**Problem to solve**
Where in the records does the word "with" appear? Copy each line that holds it.

**Provided records**
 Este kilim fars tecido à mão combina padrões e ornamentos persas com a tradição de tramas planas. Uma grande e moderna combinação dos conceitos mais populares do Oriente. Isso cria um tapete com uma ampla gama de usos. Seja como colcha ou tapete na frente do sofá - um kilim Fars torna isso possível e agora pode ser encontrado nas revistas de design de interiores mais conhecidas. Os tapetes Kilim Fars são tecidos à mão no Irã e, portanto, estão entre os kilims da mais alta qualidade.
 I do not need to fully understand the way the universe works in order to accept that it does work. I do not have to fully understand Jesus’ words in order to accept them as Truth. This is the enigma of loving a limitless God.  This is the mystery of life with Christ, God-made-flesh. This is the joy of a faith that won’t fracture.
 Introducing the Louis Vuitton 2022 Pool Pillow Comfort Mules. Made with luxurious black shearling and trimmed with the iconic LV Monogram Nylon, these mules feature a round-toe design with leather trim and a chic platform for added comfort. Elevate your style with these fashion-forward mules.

---

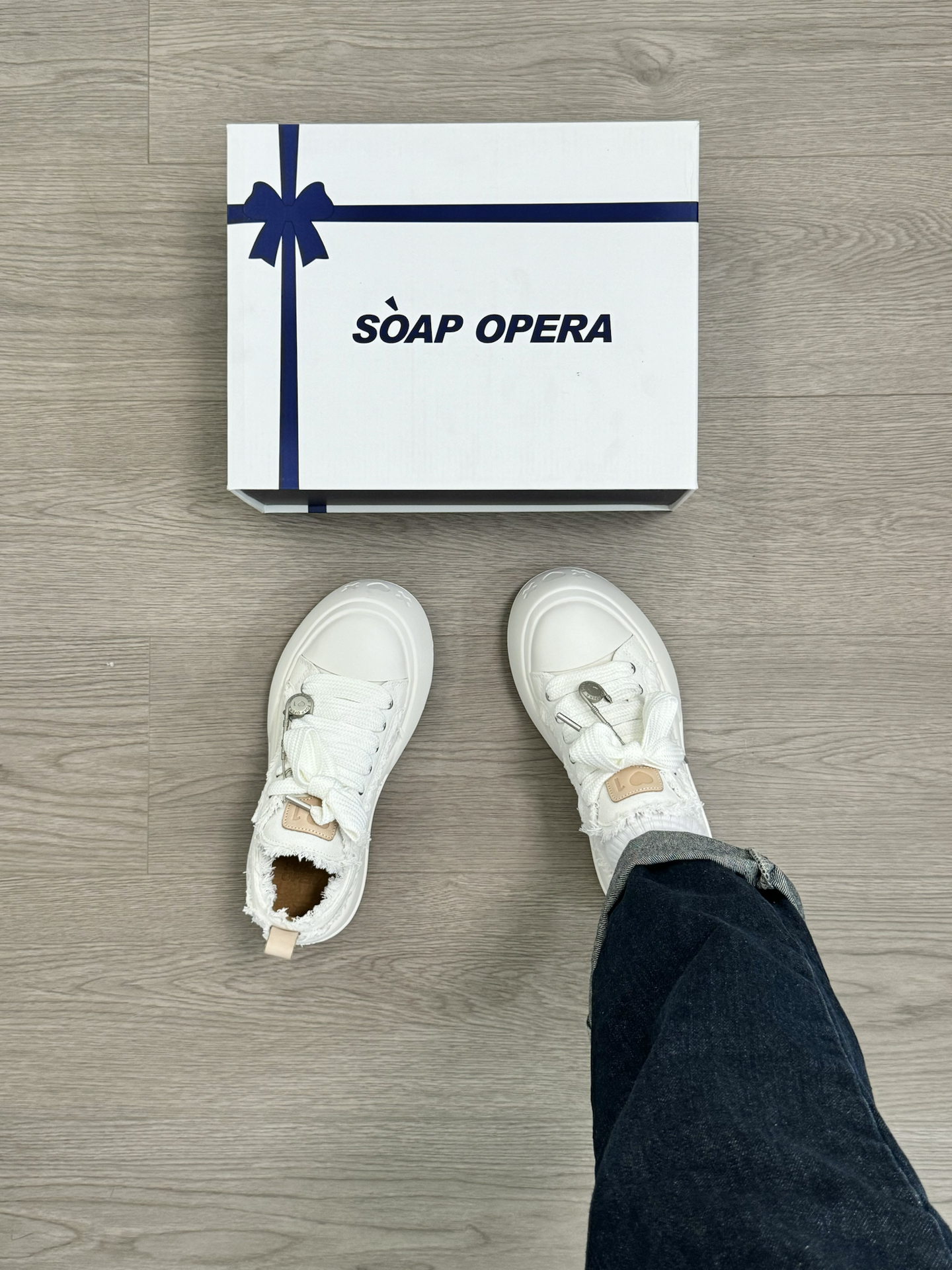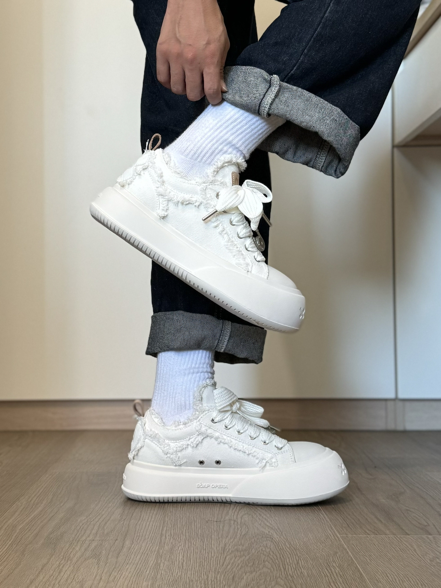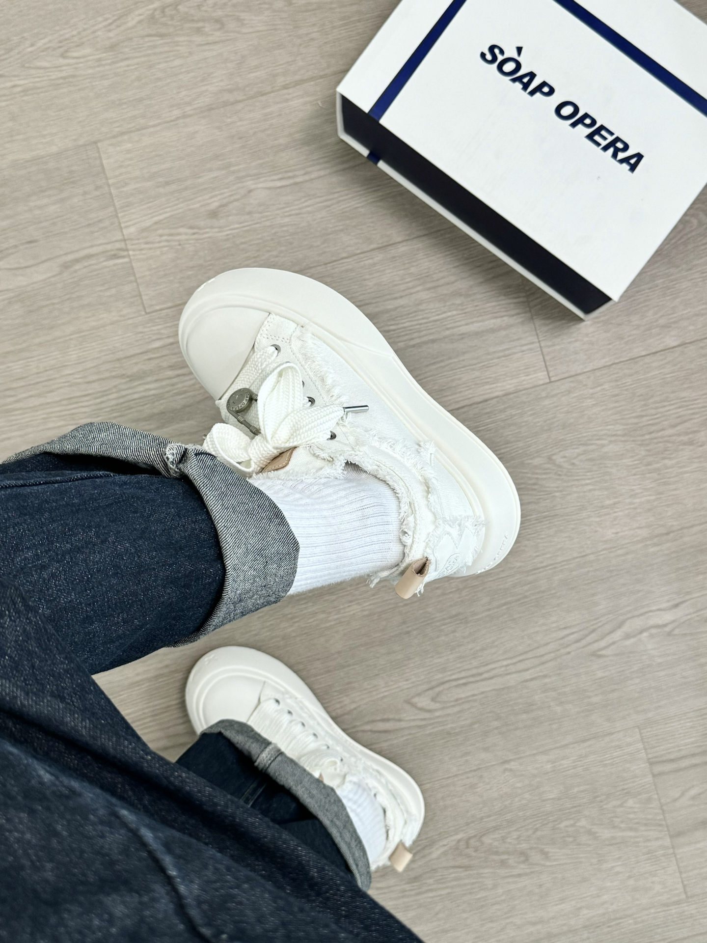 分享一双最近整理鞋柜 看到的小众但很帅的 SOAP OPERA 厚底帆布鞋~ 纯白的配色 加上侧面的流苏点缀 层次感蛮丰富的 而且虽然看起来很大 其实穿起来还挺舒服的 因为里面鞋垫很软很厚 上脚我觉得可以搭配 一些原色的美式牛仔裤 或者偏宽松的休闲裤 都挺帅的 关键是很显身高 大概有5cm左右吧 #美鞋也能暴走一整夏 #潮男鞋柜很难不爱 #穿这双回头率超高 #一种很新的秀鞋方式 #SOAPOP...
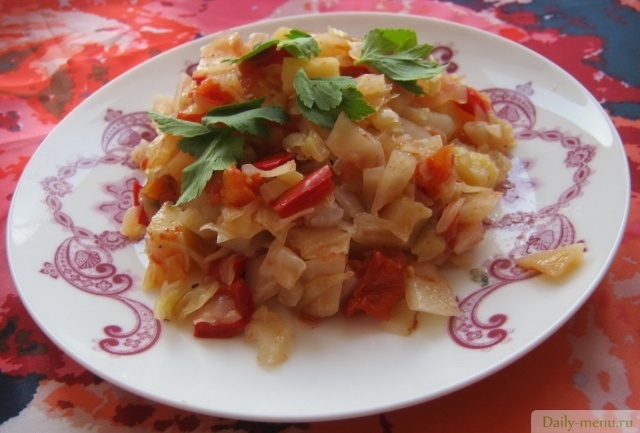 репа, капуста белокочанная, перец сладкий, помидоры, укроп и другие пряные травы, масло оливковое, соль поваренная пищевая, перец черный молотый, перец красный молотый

**Response**
 I do not need to fully understand the way the universe works in order to accept that it does work. I do not have to fully understand Jesus’ words in order to accept them as Truth. This is the enigma of loving a limitless God.  This is the mystery of life with Christ, God-made-flesh. This is the joy of a faith that won’t fracture.
 Introducing the Louis Vuitton 2022 Pool Pillow Comfort Mules. Made with luxurious black shearling and trimmed with the iconic LV Monogram Nylon, these mules feature a round-toe design with leather trim and a chic platform for added comfort. Elevate your style with these fashion-forward mules.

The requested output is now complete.